## WORK TO BE COMPLETED
Repeat the data word for word, excluding every picture.

□ □ □ □ □

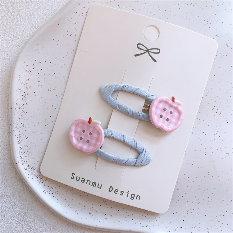 新款儿童纽扣苹果发夹甜美女童侧边刘海夹子宝宝碎发BB夹发卡头饰
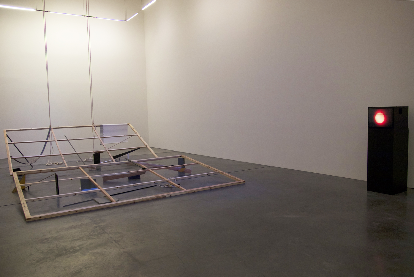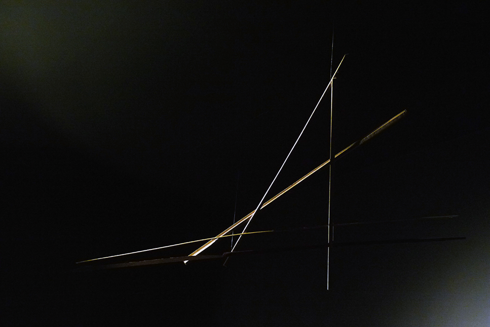 Évènement, the drawing upright the installation scene, is schematic of the mirage effect to which we have access from the sunlight refraction caused by the earth curvature and the trembling horizon caused by temperature differentiations - the last segment of sun sighted is no longer there, it is its doubled image – a possibility for the green ray dispersion.
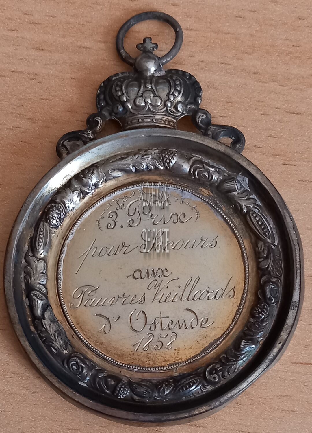 Op de keerzijde : horizontaal 3e PRIX / POUR SECOURS / AUX / PAUVRES VIEILLAARDS / D’OSTENDE / 1858
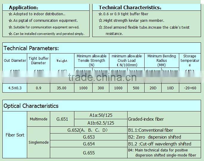 4 core Multimode/SM Distribution Anti-rodent Armored Indoor Fiber Optic Cable
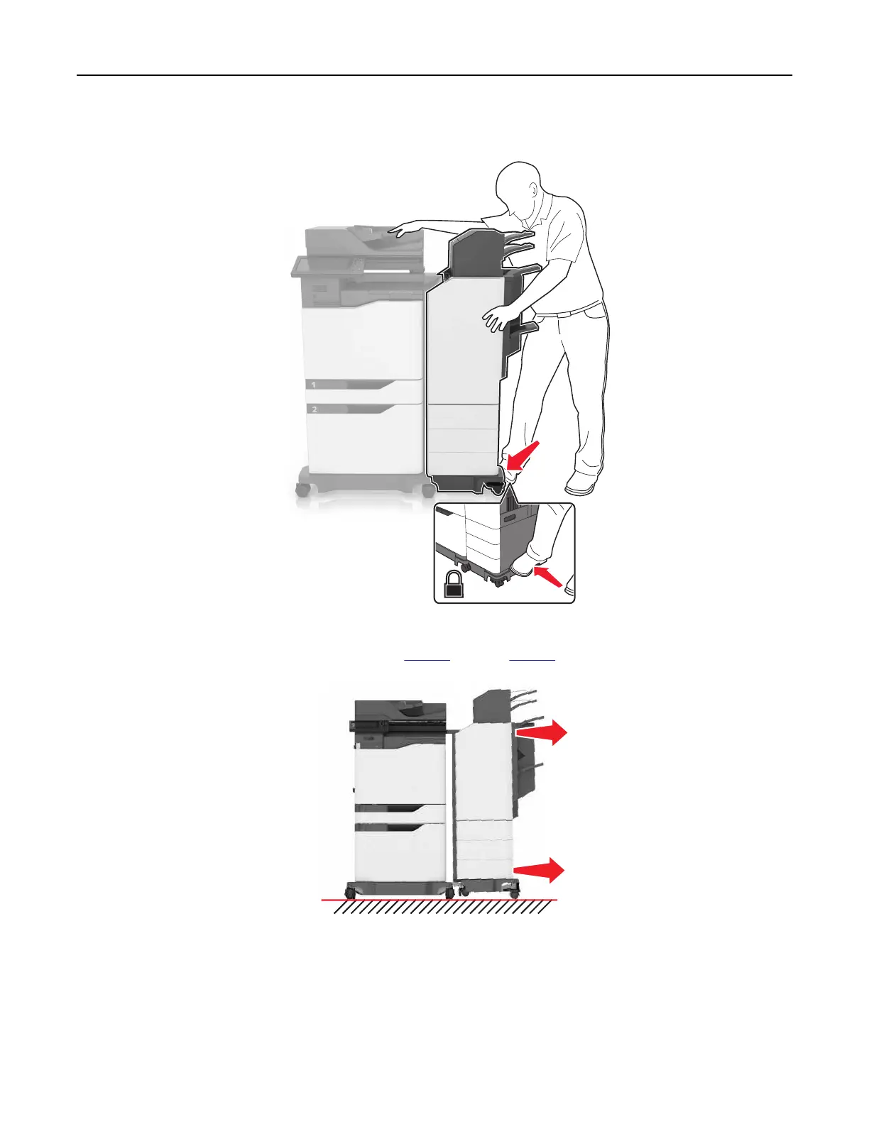 14 Push the finisher to the printer by applying pressure at the bottom of the finisher until it clicks into place.
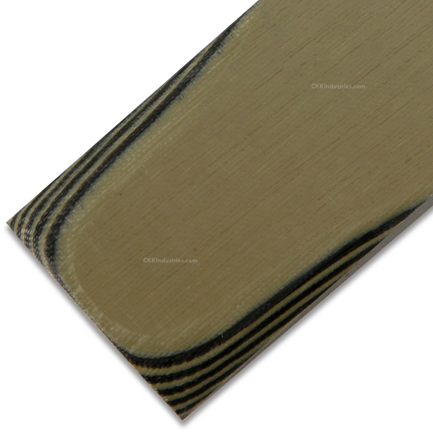 G10 is excellent handle material and is used widely on many styles of knives and guns. Our standard G10 multi-color material is the industry standard layered composite. It machines like butter and looks top-notch when finished!

□ □ □ □ □

## TASK RESPONSE
 新款儿童纽扣苹果发夹甜美女童侧边刘海夹子宝宝碎发BB夹发卡头饰
 Évènement, the drawing upright the installation scene, is schematic of the mirage effect to which we have access from the sunlight refraction caused by the earth curvature and the trembling horizon caused by temperature differentiations - the last segment of sun sighted is no longer there, it is its doubled image – a possibility for the green ray dispersion.
 Op de keerzijde : horizontaal 3e PRIX / POUR SECOURS / AUX / PAUVRES VIEILLAARDS / D’OSTENDE / 1858
 4 core Multimode/SM Distribution Anti-rodent Armored Indoor Fiber Optic Cable
 14 Push the finisher to the printer by applying pressure at the bottom of the finisher until it clicks into place.
 G10 is excellent handle material and is used widely on many styles of knives and guns. Our standard G10 multi-color material is the industry standard layered composite. It machines like butter and looks top-notch when finished!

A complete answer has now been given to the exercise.